One of the guilty pleasures of travelling–well maybe it isn’t really a pleasure, but I do feel guilty–is reading about ridiculous gifts and gizmos in the airline magazines. Home to such indispensable items as the moving Jellyfish lamp (imagine a lava lamp with sea creatures) or the inflatable sumo wrestler suit (you too can look like the comic relief in a B-Film comedy), these catalogs are a cross between The Sharper Image and one of those fake commercials they used to run on Saturday Night Live.
I thought I’d seen the worst that capitalism could create until our most recent trip. There it was, tucked between the Wi-Fi T-shirt and the Laser Comb: The Potty Putter. I cannot top the description the marketing folks came up with for this gem, so here it is, verbatim and unvarnished:
You know those days when you’ve eaten something that hasn’t agreed with you and you can’t be too far away from the bathroom? Well, this is the perfect companion for such occasions: The Toilet Golf. The package includes: a putter with articifial turf, a miniature club, golf balls and flag.

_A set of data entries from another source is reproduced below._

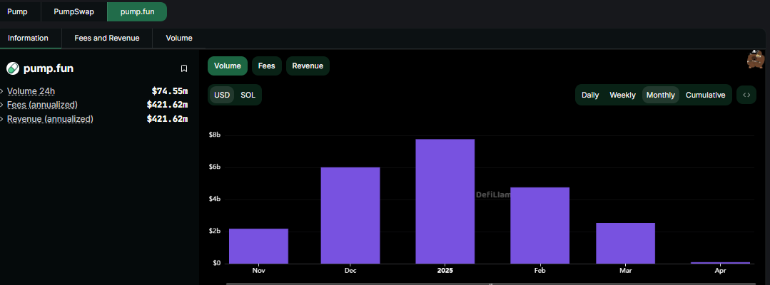 Sponsored SponsoredPump.fun, khususnya, mengalami penurunan tajam dalam volume perdagangan sejak awal tahun. Volume bulanan turun dari puncak Januari sebesar US$7,75 miliar menjadi hanya US$2,53 miliar pada Maret, mewakili penurunan 67%.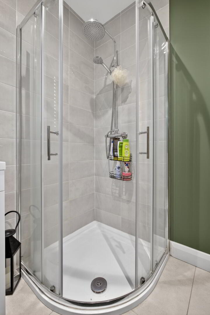 Quadrant shower cubicle with thermostatic handheld and rainfall shower, wash hand basin with mixer tap set on vanity unit, low flush wc, part tiled walls, tiled flooring, chrome radiator towel rail, recessed LED ceiling lighting, uPVC triple glazed window to front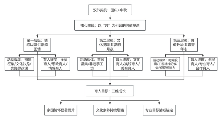 为深入落实《教育部问鼎网页版登录入口深化职业教育教学改革全面提高人才培养质量的若干意见》与“三全育人”综合改革要求,智能制造学院以国庆中秋双节为契机,以“共”为主线策划“月满华诞,同心共融”嘉年华系列活动,构建“共融・家国情”“共赏・明月夜”“共育・青年志”“三维八径”协同育人体系,融合家国情怀、传统文化与智能制造专业特色。活动覆盖全院100%班级、服务学生2100余人次,学生满意度达97%,实现“节日氛围营造”与“育人价值传递”的双向统一。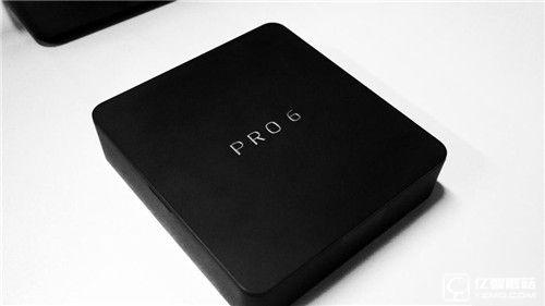 首先是Pro6的包裝,正面十分簡潔,采用非常穩重的黑色設計,磨砂的手感,乍一看有一點金屬質感,但是應該只是一種硬塑料,整體視覺效果比較好,符合高端機型的“待遇”,正面只有一個PRO6標志,由于拿到機器時已經被機器提供方開箱檢驗,所以可能與實際有點差別。
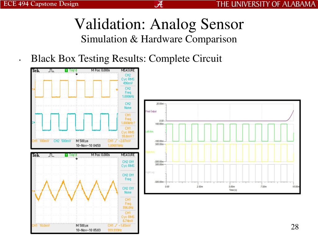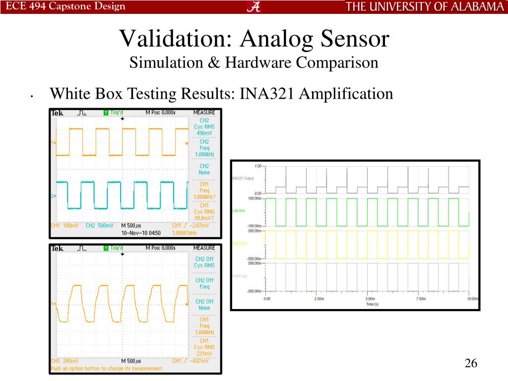 Validation: Analog Sensor Simulation & Hardware Comparison • White Box Testing: INA321 Amplification • Purpose: Verify the circuit will operate as expected given input signals and an input voltage in its operating range. • Input Signals: • Left Arm: 1kHz square wave with 100mV amplitude • Right Arm: 1kHz square wave with 500mV amplitude • Right Leg: 1kHz square wave with 500mV amplitude • Power Supply: 3V DC (supplied by MICA2) • Conclusion: Both the simulation and laboratory results depict an amplified version of the differential between the input signals. Overall the results obtained in the laboratory provide a better and more expected output than the simulation results.

It also comes with a very useful sign to hang on the bathroom door “Do Not Disturb: Golf Game in Progress”.
The fun continues on the product’s website with this bit of salesmanship:
The Potty Putter is a true innovation in toilet entertainment and the perfect gift for the golf (or toilet) enthusiast in your life!
Toilet entertainment? Is that someone’s job? Help me Lord…
Finally, for those in need of a visual, try this link–warning, it might make you desperately need to have one of these things or send you screaming into the night. I don’t want to hear about it, if it’s the former!
November 9, 2008 at 4:17 pm
Just the thing for those yabbos in the crowd at professional golf events that love to shout “It’s in the hole!”
November 9, 2008 at 9:32 pm
Well I can now see there is no point in filing that patent on my setup in the down-stairs bathroom.
I still might have a chance on the upstairs, “drumming in the bathroom” setup?